Odnosząc się do tytułowego sformułowania, są to niecodzienne kadry, gdyż bardzo rzadko można mnie spotkać w parku z psami. Po pierwsze żadna z nich nie jest miłośniczką spacerów. Drugim czynnikiem są ich włosy, które tak naprawdę wymagają specjalnego przygotowania do wyjścia na spacer. Powinno się zrobić papiloty, aby włos się nie uszkodził. Z tego względu, że w naszym przypadku jak już zdarzy się jakiś pobyt w parku to bardzo krótki i biegają niewiele, więc mogę zrezygnować z papilotów. Przechodząc do drugiej części. Dotychczas nie podawałam faktów dotyczących historii moich yorkshire terrierów. A te dwie historie są bardzo długie od początku realizacji do momentu w którym przywiozłam każdą z suczek. W obu przypadkach było to kilka lat. Wpływ miało na to kilka czynników.

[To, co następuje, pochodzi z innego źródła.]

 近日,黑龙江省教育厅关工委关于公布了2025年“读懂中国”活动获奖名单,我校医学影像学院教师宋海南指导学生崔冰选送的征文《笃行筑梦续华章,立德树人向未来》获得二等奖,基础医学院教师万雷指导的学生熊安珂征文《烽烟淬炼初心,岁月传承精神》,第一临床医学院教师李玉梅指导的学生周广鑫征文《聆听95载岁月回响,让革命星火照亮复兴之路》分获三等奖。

Jako pierwsza historia Sophie. Sophie jest z hodowli Lazuryt FCI (f. Kendlait It Is Like A Dream, m. Kate Moss Lazuryt). Jest wyjątkowej urody suczką po jednym z najbardziej uroczych reproduktorów z Rosji. Ta linia genetyczna charakteryzuje się bardzo dużymi oczami i bardzo krótkim nosem. Jest to specyficzna głowa, która jest niesamowicie piękna. Suczka po tym konkretnym reproduktorze była moim pierwszym marzeniem. Kiedy zobaczyłam szczeniaka, którym była Sophie to dopiero wtedy wiedziałam, że to ta moja wymarzona suczka. Zawsze kierowałam się intuicją i spełnieniem marzenia. Marzenia w którego realizacji pomogła mi hodowczyni – Angelika Sokołowska-Pomes. Zaufała i powierzyła mi Sophie.

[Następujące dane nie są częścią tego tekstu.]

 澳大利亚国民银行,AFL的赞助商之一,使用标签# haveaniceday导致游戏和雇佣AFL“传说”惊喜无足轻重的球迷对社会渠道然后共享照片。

Liya to suczka z hodowli Srebrne Marzenie FCI (f. Noble Prince Srebrne Marzenie, m. Yellow Butterfly Srebrne Marzenie). Jest suczką po bardzo znanym reproduktorze w świecie yorkshire terrierów. Suczka z tej linii genetycznej była moim drugim marzeniem. I na realizację tego marzenia również czekałam bardzo długo. Drugim czynnikiem był fakt, że musiałam zakochać się od pierwszego spojrzenia. Najważniejsze. Miałam własne wyobrażenie jaka ona będzie. I jest dokładnie taka jak ją sobie wymarzyłam. Każdy dzień był wart czekania.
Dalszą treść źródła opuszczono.